Впрочем, все сходятся на том, что с поврежденным "Олегом" вместе прорваться бы не удалось, но что аврорцы сумели бы погибнуть не хуже других. "Иная нам досталась доля"... Дравшиеся в течение дня, как дай Бог всякому, удачно избегнувшие ночью по окончании боя стольких атак, мечтавшие лишь о том, чтобы в бою, как на всех авральных работах взять первый приз или пойти ко дну с гордо поднятыми флагами под звуки судового оркестра... вместо этого мы отступаем, отступаем за неимением своего в чужой порт, где, весьма возможно, нам грозит "нейтрализация" {Интернирование (Ред.).}. Но разве кто-нибудь из нас боится, дрогнул перед лицом смерти? Разве мы охвачены паникой? Бежим стремглав, очертя голову, с одним только желанием спастись, спастись? Ничего подобного нет и в помине.
За эти дни я совсем отстал от кают-компанейской жизни, двигаюсь, как во сне, и живу только интересами этих несчастных Морозовых, Ледяевых и др. Адмирал занял командирское помещение, а его штаб - мою двойную светлую и просторную каюту. Вестовой наскоро свалил мои вещи в маленькую ординарную каютку, и я с трудом разбираюсь в своих записях, историях болезни, температурных листках - повернуться негде. Бедный попка заброшен, пищит целый день.
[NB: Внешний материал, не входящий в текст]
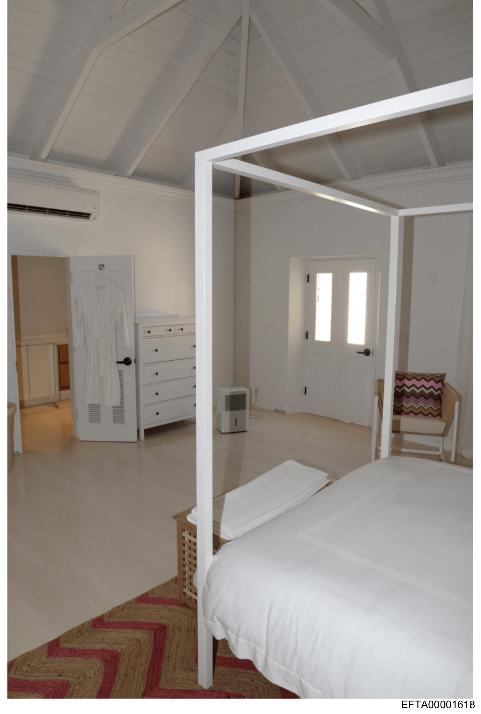 This is a photograph of an interior space that appears to be a bedroom. There's a prominent canopy bed with a white frame and bedding, suggesting a minimalist or modern design style. To the left, there's a piece of furniture that looks like a dresser or wardrobe; it also has a white finish that matches the room's decor. Above the dresser, mounted on the wall, is an air conditioning unit. The floor is covered with wooden planks, and there are no people visible in the image. There's also a rug with a geometric pattern in front of the bed, adding a touch of color to the otherwise neutral tones of the room.

19 мая. Обогнув северо-западный мыс Лусона, легли [на курс] вдоль западных его берегов. У "Олега" всего-навсего 150 тонн! Не дойдет! Адмирал решил зайти в лежащий по пути до Манилы американский порт Суал, рассчитывая, на основании указаний лоций, найти там уголь, кое-какие запасы и госпиталь, в который можно было бы сдать наиболее тяжелых раненых. В пять часов пополудни встретили немецкий пароход, который поднял сигнал: "Встретил "Днепр" в широте 19°N и долготе 120°О". Поблагодарили его сигналом.
У Морозова началось воспаление брюшины. Он старообрядец и отказывается причаститься у нашего священника. В производстве ампутаций или вылущений у раненых не было никакой необходимости. Все случаи [лечения] открытых переломов (за исключением одного косого перелома бедра) удалось провести консервативным путем. Веселому дальномерщику Михайлову пришлось удалить часть кости.
Осколков, давивших на нервы, сосуды, вызывавших отеки, сильные боли, за время перехода мне удалось отыскать и удалить 78 штук. Первые дни это не представляло особых затруднений, но дней через пять, когда раны воспалились, каналы их припухли и закрылись, конечности стали сильно отечны; отыскивание осколков сделалось чрезвычайно затруднительным. Тогда я попросил старшего минного офицера лейтенанта Старка установить мне на перевязочном пункте рентгеновский аппарат, имевшийся на судне. К хлороформированию больных, при такой массе раненых и за неимением младшего врача, я не прибегал. И без того ни одна минута не терялась нами даром. Ни один человек санитарного отряда не оставался без дела. Общая сумма повязок всем раненым составила внушительную цифру 202, а повязок, которые приходилось менять ежедневно, 100-120. Многие раненые перевязывались через день, а тяжелые и серьезные случаи ежедневно. Поэтому 15, 17 и следующие нечетные дни явились для медицинского персонала самыми тяжелыми. Быть может, частыми перевязками я и создавал себе и своим помощникам излишнюю работу, но у меня уже был кое-какой опыт первого плавания на броненосце "Сисой Великий" в этих самых водах. Мы ведь уже снова попали в тропический пояс, где приходилось считаться с неблагоприятным действием жары и сырости на процесс заживления ран. К тому же не надо забывать, что так называемый центральный перевязочный пункт ни малейшим образом не напоминал операционного зала. Это тем более было досадно, что внизу в следующей палубе (в корме) имелась специальная операционная, чистая, с прекрасным электрическим освещением, вполне оборудованная. Работать же в ней из-за жары было немыслимо. Последний раз в ней оперировали священника, раненного в Гулле.